Scroll through thousands of years of language development. Start at a new word, or one you want to explore deeper, then move backwards in time through Latin roots, Ancient Greek words, and Proto-Indo-European reconstructions from 10,000 years ago!
With over 1.4M words to explore, you’ll always find that words you’re wondering about, and you’ll never run out of new words to learn. In the English language alone, the app houses 300k words. The rest are spread throughout other languages.
The connections aren’t the only thing interesting. Check out the full details of the word including the part-of-speech, the full written etymology, the pronunciation, definitions for each part of speech, and any descendant words.
No word is an island, and the Family Explorer helps you uncover the hidden, and sometimes shocking, bridges between cognates. For example, ‘voracious’ is a cousin to ‘carnivore’! Check out millions of relations just like that in the app.
Words may start with a single meaning, but they expand and morph over time because of the need to explain our increasingly complex world. The Children Explorer shows how root words can give birth to thousands of different meanings in modern language. For instance, Latin ‘gravis’ (“heavy”) is the root of ideas like ‘gravity’, ‘gravid’ (pregnant), and ‘grave’ (serious).
Each day get a curated etymology sent directly to your phone. Grow your vocabulary or learn something interested about a word you already knew!
From Ancient Greek, to Tagalog, to Proto-Indo-European, and many more. Search directly in the language using the original script or the transliteration of the word
“mag–NAN–ih–muhs”
When I started looking up words, the IPA (e.g. “/mæɡˈnæn.ɪ.məs/”) was nearly indecipherable. So I’ve implemented audio and newspaper pronunciations for the majority of words. Now you can understand how to pronounce a word by hearing it, or by reading normal letters, none of the IPA jumble.
Studying for graduate exams nearly crushed me. I couldn’t memorize any vocabulary… until I discovered etymologies.
Learning a word through its connections fits with how my brain works. I grew more and more excited to interpret a word through its roots and cognates (basically a word “cousin”).
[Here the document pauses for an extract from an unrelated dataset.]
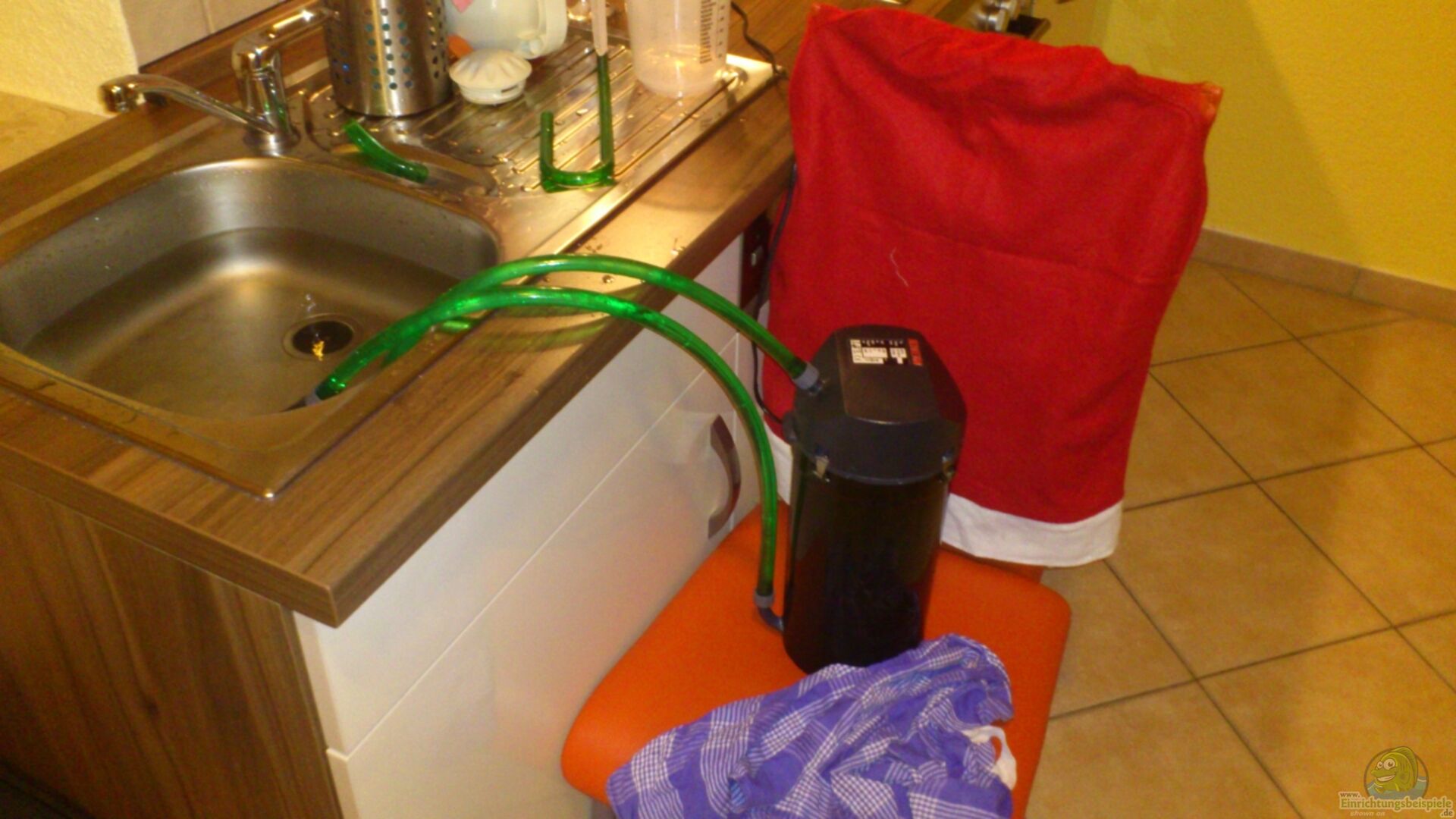 100 Watt Heizer von Jaeger unabhängig vom Becken eine "Torfkanone" aus einem alten Eheim-Filtertopf 2015 ohne intigrierte Pumpe zur Ansäuerung des Wechselwasser, betrieben mit einer kleinen 5W-Pumpe

But I wanted more than just a sentence describing where a word came from. I wanted a map that traced back through all the known languages of civilization—and then forward to the full array of descendants. One that I could hop around on from node to node and connection to connection.
It didn’t exist—so I created it. That ended up taking many years and a lot of technology (natural language processing, deep learning, cloud computing). I’ve condensed everything down into this app, EtymologyExplorer. I hope you enjoy using it as much as I have.